*WHAT YOU HAVE TO DO:* The response should repeat word for word every line below from the one with "high yield (>1" to the one with "Photo 21. Room", inclusive, and nothing else; leave pictures out.

*RECORDS SUPPLIED:*
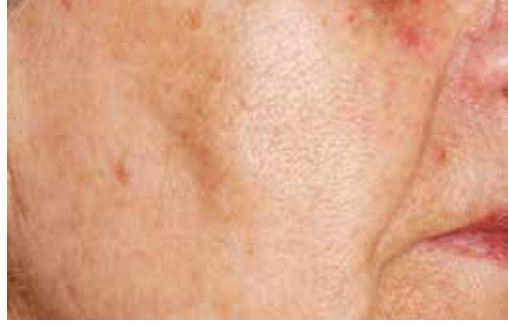
Photorejuvenation 3 Tx (2 VL 555 + 1 PR 530)
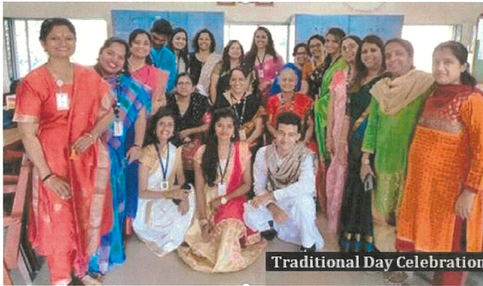
Traditional Day Celebration
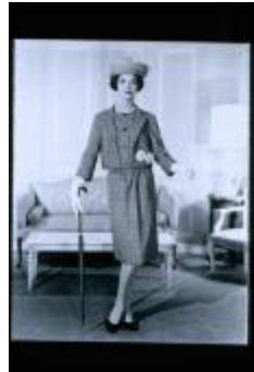
Plaid Women's Suit (KA0018_binder13_01)
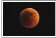
Volcano ash turns Asian eclipse blood red
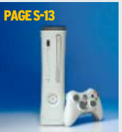
PAGES-13 Xbox 360 Peter Moore
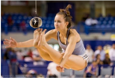
One Foot High Kick & Two Foot High Kick: Elders report that these kicking games were used to signal a successful or unsuccessful whale hunt.
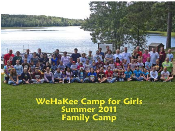
WeHaKee Camp for Girls Summer 2011 Family Camp
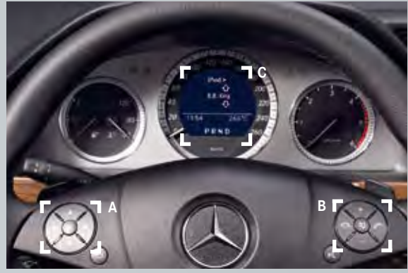
Mercedes-Benz iPod® Interface Kit3

It's easy to control your iPod via the multifunction steering wheel: scroll through the menus [A], adjust the playback and volume [B] and display the artist/title of your choice in the instrument cluster [C].
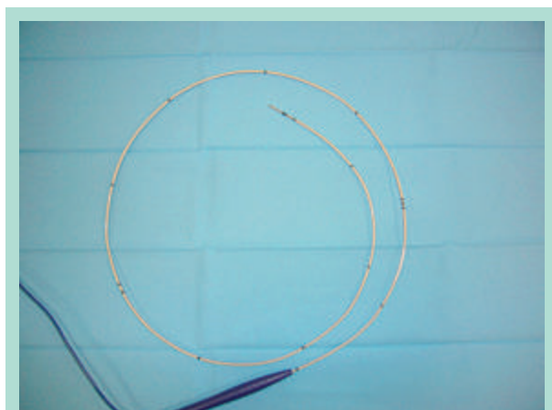
FIGURE 1 : RFITT® applicator, with bipolar active tip (length of bipolar tip = 13 mm); marks on the applicator every 10 cm.
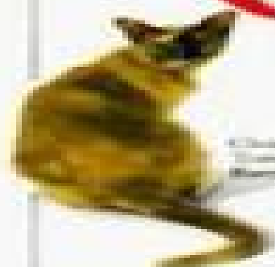
Chocolate Tortoiseshell Burmese

The visual guide to more than 250 types of cats from around the world
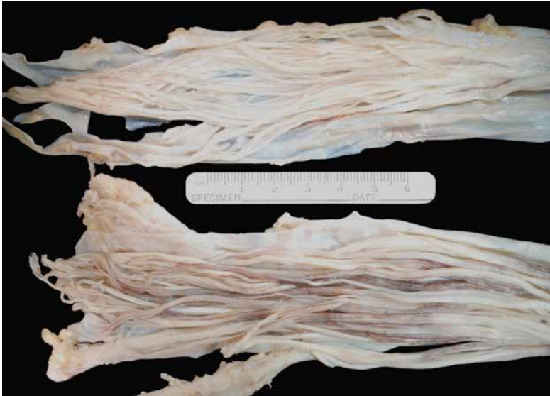
Figure 1. Normal cauda equina (top) and postmortem sample showing thickened nerve roots and cauda equina with patchy vascular prominence.
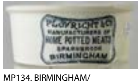
MP134. BIRMINGHAM/ PLOWRIGHTS & CO/ ... SPARKBROOK. 3.5ins. £17.70
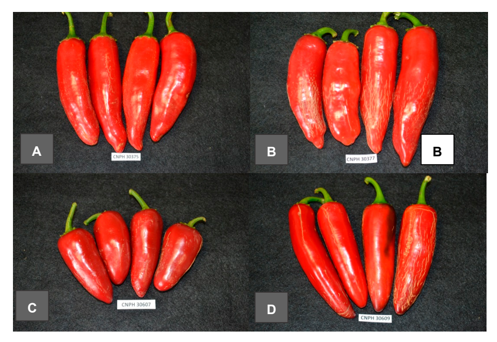
Figure 5. Fruit of selected jalapeño lines CNPH 30.375 ( A ), CNPH 30.377 ( B ), CNPH 30.607 ( C ) and CNPH 30.609 ( D ) of Embrapa's breeding program for mechanical harvesting.

high yield (>1 kg/plant), fruit pungency (>30,000 SHU) and concentrated fruit set. Four lines (CNPH 30.375; CNPH 30.777; CNPH 30.607 and CNPH 30.609) have been selected so far (Figure 5).
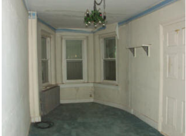
Photo 21. Room C4, center section, facing west into bay window.

The interior of the south section and the Connection are combined into one room (Photo 22). This space, measuring 21'6"x13'6", was highly altered. The fireplace was removed, the stairs reversed, and the flooring and joist system was replaced. The room has a plastered ceiling and a carpeted floor. Three of the walls are plastered; the eastern wall is covered with a diagonal wood siding stained a dark brown. The stairs to the second floor occupy the northeastern corner, with a storage space under the stairs. The room has two doors leading to the exterior and one into the apartment's kitchen.
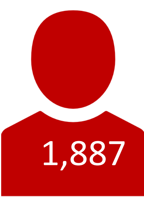
Individuals with Physical Disabilities
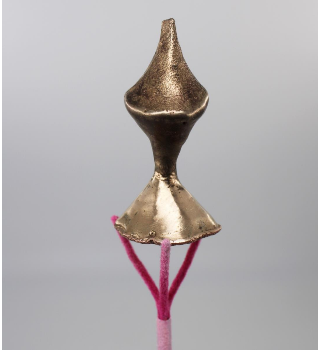
Figure 8: Buttons
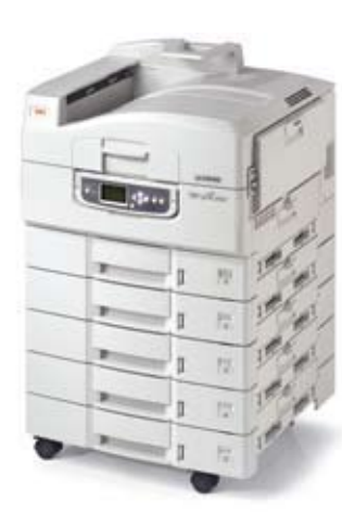
The pro930 printer holds up to 2,880 sheets, with options.
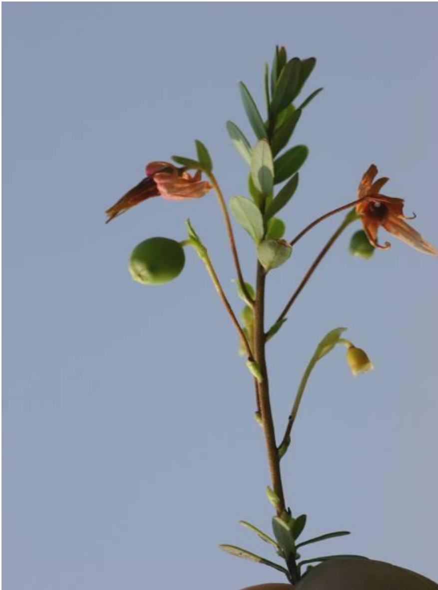
Figure 1. Treatment of 'Stevens' with ammonium thiosulfate to burn flowers. Note that open flowers were effectively burned, but fruit set from earlier flowers was unaffected.
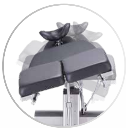
Airplane function with 17° Rotation angle

*TASK RESULT:*
high yield (>1 kg/plant), fruit pungency (>30,000 SHU) and concentrated fruit set. Four lines (CNPH 30.375; CNPH 30.777; CNPH 30.607 and CNPH 30.609) have been selected so far (Figure 5).
Photo 21. Room C4, center section, facing west into bay window.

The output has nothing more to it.